Simple CUDA Program has slow runtime


we noticed that some CUDA operations on our Xavier were running pretty slowly.

We have a very small test program, which we ran with different nvpmodel settings (we are on JetPack 4.4):
30w_all = 10.4ms
maxn = 7.7ms
maxn + clocks = 3.75ms

Could someone please verify, if these runtimes are normal for the Xavier module?

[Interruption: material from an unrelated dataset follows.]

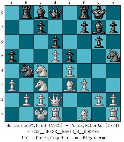 Last move : 1-0 2018 June 14 21:41:39 [Event "FICGS__CHESS__RAPID_B__000276"] [Site "FICGS"] [Date "2018.05.12"] [Round "1"] [White "de la Foret,Fred"] [Black "Perez,Alberto"] [Result "1-0"] [WhiteElo "1923"] [BlackElo "1774"] 1.e4 d6 2.d4 g6 3.Nc3 Bg7 4.Be3 Nf6 5.f3 O-O 6.Nge2 Nc6 7.Qd2 e5 8.O-O-O b5 9.Nxb5 Rb8 10.d5 a6 11.Na3 Nb4 12.Nc3 Nh5 13.Nc4 a5 14.a3 1-0 King's pawn Opening Kingside Castling by player Black (move 5) Queenside Castling by player White (move 8) Player White won this chess game. Follow this game move after move (download)The beauty of a move lies not in its' appearance but in the thought behind it. (Siegbert Tarrasch) Es ist peinlich, dass ich nie Weltmeister wurde. Es wäre leicht, Leonid Breschnjew als Ursache vorzuschieben, dessen Apparat den Vorzeigekommunisten Anatoli Karpow in allem unterstützte. Aber Garri Kasparow zum Beispiel, der ebenfalls von den Sowjets unerwünscht war, hat trotz der Widerstände den WM-Titel erobert. (Viktor Kortschnoi) Si el ingenio solamente fuese necesario para lucirse, las mujeres serían las mejores jugadoras de Ajedrez del mundo. (Albin) Le profane ne songe pas à la somme de jouissance dont il se prive, qui méconnaît ce jeu aux ressources aussi variées que passionnantes. (Jean-Marie Jeanton-Lamarche) I'll be back. (Arnold Schwarzenegger)

The Xavier module of one of our partners had much faster runtimes:
30w_all: 2.3ms
maxn+clocks: 0.9ms

How to run the test:

  1. unzip
  2. ./
  3. ./

To report the runtime, open the newly created “timeline.nvvp” with NVVP.
In the “GPU Details” window (lower left) there should be one operation called “count(int …”.
Please report the avg. duration for that operation and the nvpmodel you used.

Thanks in advance!

Here are the files: (1.2 KB)


Thanks for your reporting.
We are checking this and will share more information with you later.

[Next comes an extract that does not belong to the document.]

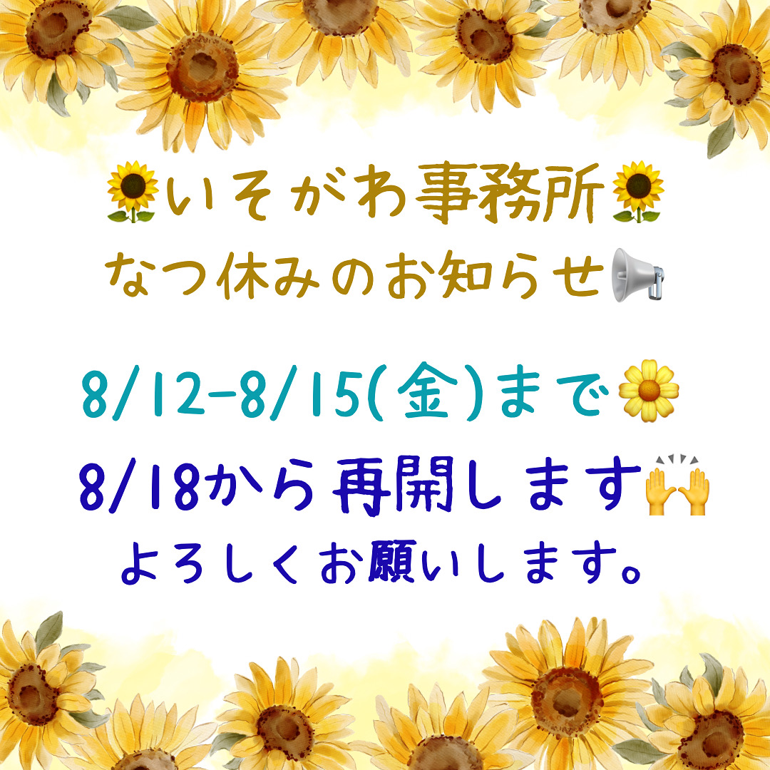 みなさまへ🍀 本日から15日まで、事務所はお休みをいただきます。五十川へのご連絡は、メール✉️やSNSで取れます🌺510yuka.suita@gmail.com […]

We test your sample with JetPack4.4.1 on Xavier.
The results looks good from our experiment as below:

  • [maxn + jetson_clocks] = 889.445us
  • [maxn] = 2.37914ms
  • [30w_all + jetson_clocks] = 1.10764ms
  • [30w_all] = 2.44546ms

Do you use JetPack4.4.1? If not, could you give it a try?


Hello AastaLLL,

thank you for testing.
I think this proves that our Jetson somehow runs very slow.

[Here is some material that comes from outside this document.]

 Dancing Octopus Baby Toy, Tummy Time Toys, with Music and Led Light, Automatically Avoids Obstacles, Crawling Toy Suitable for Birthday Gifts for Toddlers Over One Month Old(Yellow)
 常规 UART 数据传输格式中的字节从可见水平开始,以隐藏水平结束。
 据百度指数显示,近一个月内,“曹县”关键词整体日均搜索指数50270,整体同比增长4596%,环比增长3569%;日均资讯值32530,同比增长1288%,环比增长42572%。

Unfortunately we cannot upgrade to JP4.4.1 right now, but by reading the release notes I don’t see any major changes.
Are you sure that upgrading would change anything?
Why would it not work with JP 4.4.0?

What other reasons could cause this slow runtime?



There is an issue of the atomicAdd in the JetPack4.4.
And the fix is available in the rel32.4, which is the OS version of JetPack4.4.1.


Hi AastaLLL,

you are right!
We updatet to JP 4.4.1 and now the runtimes are normal:
[maxn + jetson_clocks] = 0.9ms